Diese Auslegung passt auch zum Prolog in dem die menschliche Zerbrechlichkeit erklärt, dass sie vom Schicksal, der Zeit und der Liebe beherrscht wird.
Am Ende des Prologs singen Schicksal, Zeit und Liebe:
„Durch mich wird dieser Mensch zerbrechlich sein.
Durch mich wird dieser Mensch armselig sein.
Durch mich wird dieser Mensch trübselig sein.
Erbarmungslos flieht die Zeit dahin!
Erbarmungslos trübt das Glück!
Erbarmungslos schleudert Amor seine Pfeile!
Zerbrechlich, armselig, trübselig sei dieser Mensch!“

So ist Penelope hoffnungslos verliebt, weil das Schicksal Odysseus und seine Familie hart getroffen und die vergangene Zeit alle noch mehr zermürbt hat.
Die einzigen, die dieses hoffnungslose Unterfangen zum Guten wenden können sind die Götter. Nur durch sie kann Odysseus heimkehren. Dies tut er auf Rat von Athene als verkleideter Greis, weil er so die Treue seiner Penelope und die Falschheit seiner Untertanen sehen kann.

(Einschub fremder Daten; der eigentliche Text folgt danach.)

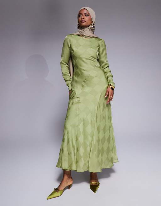 ASOS DESIGN – Szałwiowa satynowa sukienka maxi z zabudowanym dekoltem i wzorem w szachownicę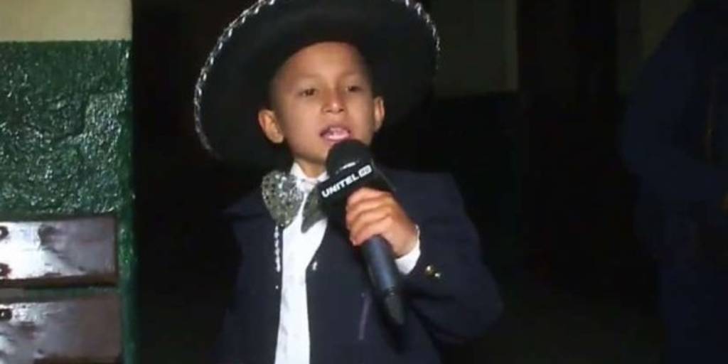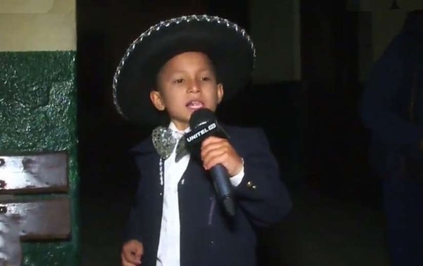 “Escuché a mi papá y a mi mamá cantar, entonces por la melodía me gustó y aprendí rápido. Me gustaría ser cantante”, dijo el niño que viste un traje de mariachi mexicano.

Die Ankunft/ Rückkehr des Odysseus zieht sich also durch das ganze Werk, da Odysseus erst am Ende des Werkes als „richtiger Odysseus“ wieder auftritt.
Aber nicht nur Odysseus kehrt zurück, auch sein Sohn Telemach kommt heim. Vor seiner Rückkehr trifft er jedoch auf Eumäos, der den als Greis verkleideten Odysseus aufgenommen hat ohne zu wissen, dass er Odysseus ist, und auf Odysseus. Odysseus gibt sich seinem Sohn zu erkennen und es folgt eine rührende Wiedersehensszene.

Am Schluss will Penelope nicht glauben, dass ihr Gatte zurückgekehrt ist, obwohl Telemach und Eumäos, der in der Zwischenzeit herausgefunden hat, dass sich Odysseus als Greis verkleidet hat, ihr schwören, dass er es ist.
Sogar in seiner wahren Gestalt glaubt sie, dass er ein Zauberer ist, der ein falsches Spiel spielt. Zu sehr hat sie das Warten desillusioniert.
Erst als er ihr etwas erzählt, das nur sie und er wissen können, erkennt sie ihn wieder. „Verzeih mir meine Strenge. Die Liebe allein war die Ursache meiner Zweifel“, sagt sie und beide verfallen der Freude des Wiedersehens.
Beachtet man den Prolog, kann man sagen, dass Odysseus und Penelope den Göttern bewiesen haben, dass Menschen doch nicht so zerbrechlich sind. Zwar nagt die Zeit und manchmal auch Liebe und Schicksal an uns, doch auch nach zwanzig Jahren kann man das Glück wiederfinden, ohne dabei zu zerbrechen.